Sor Mercedes vivió siempre atormentada de una enfermedad que le había dislocado las vértebras espinales, ocasionada, al decir de su biógrafo, por cierto santo fuego que la devoraba. Díaz refiere, asimismo, que la monja dominicana pronosticó su muerte y alcanzó la comunicación espiritual con Jesucristo, viéndose su alma varias veces arrebatada de este mundo.

A juzgar por esta obra de fray Sebastián Díaz, diríamos que era un escritor en extremo pesado, de un estilo embarazado y vulgar. Su credulidad, especialmente, que aquí lo admite todo, en muchas ocasiones repugna; pero ¡qué distancia no existe entre la Vida Sor Mercedes y su Manual dogmático!

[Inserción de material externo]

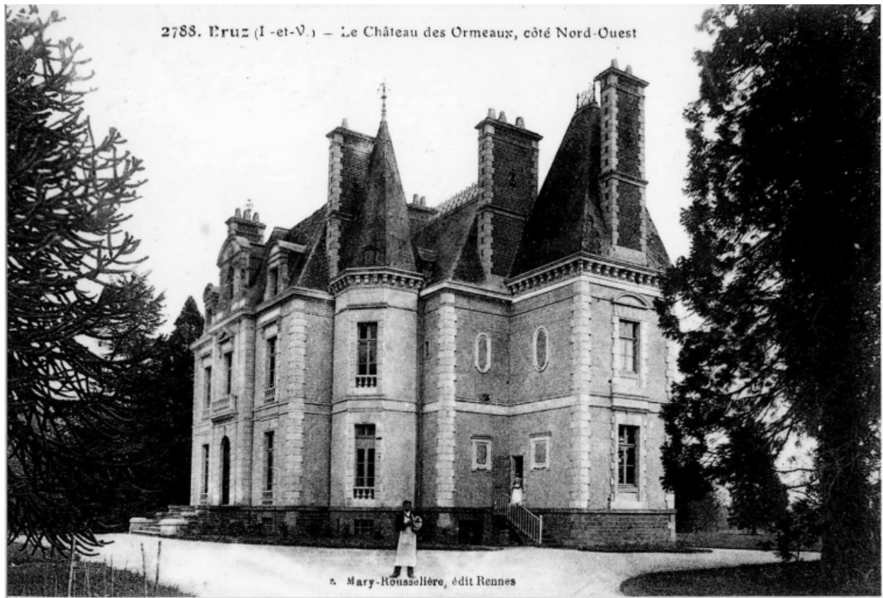
Carte postale : le château des Ormeaux, côté Nord-Ouest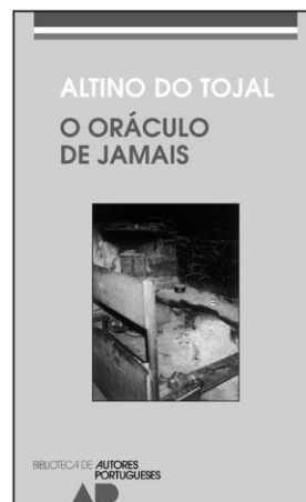
O ORÁCULO DE JAMAIS

Un hombre competente, el autor del Dictamen de la Concepción de María, ha dicho de esta obra de Díaz que «es digna de leerse por la solidez de la doctrina y la originalidad de sus argumentos». Cosa singular, sin embargo: cuando Díaz la escribía se sentía viejo, achacoso por sus enfermedades, incapaz de trabajar desde el púlpito o el confesonario, era, como él dice, ¡un inválido del ejército cristiano!

Reconociendo que en los doscientos sesenta y siete años551 que hacía a que los españoles habían entrado en Chile pudiera estar bastardeada la sana doctrina, se propuso consignar en su Manual las primeras verdades del catolicismo, y al intento, dividió su tarea   —546→   en dos partes, destinando la primera a combatir las sectas que pretenden apoyarse en la Escritura, y la segunda, a las que andan más apartadas de ella. Al efecto, comenzó por tomarse el trabajo de cotejar los textos de la Biblia que pensaba citar con la versión inglesa, más de ordinario empleada en este género de controversias, y después, con un lenguaje en general condensado y claro, conservando su alma serena, libre de los arrebatos de un novicio y con la dignidad del que se cree seguro de lo que dice, no temió abordar las cuestiones que más animosidades despiertan y donde aún hoy los modernos impugnadores de uno y otro bando, condenan, se exaltan y no razonan. A pesar de la corta extensión de su trabajo, Díaz ha logrado interesar, y un aficionado a este género de estudios sin duda que leerá con agrado las páginas del Manual dogmático.

Díaz es también autor de un libro titulado Tratado contra las falsas piedades, que fue enviado a Madrid para su impresión, pero que nunca llegó a publicarse552.

Fray Sebastián Díaz murió por los años de 1812 ó 1813, y fue enterrado en la sala de capítulo del convento de que fue fundador.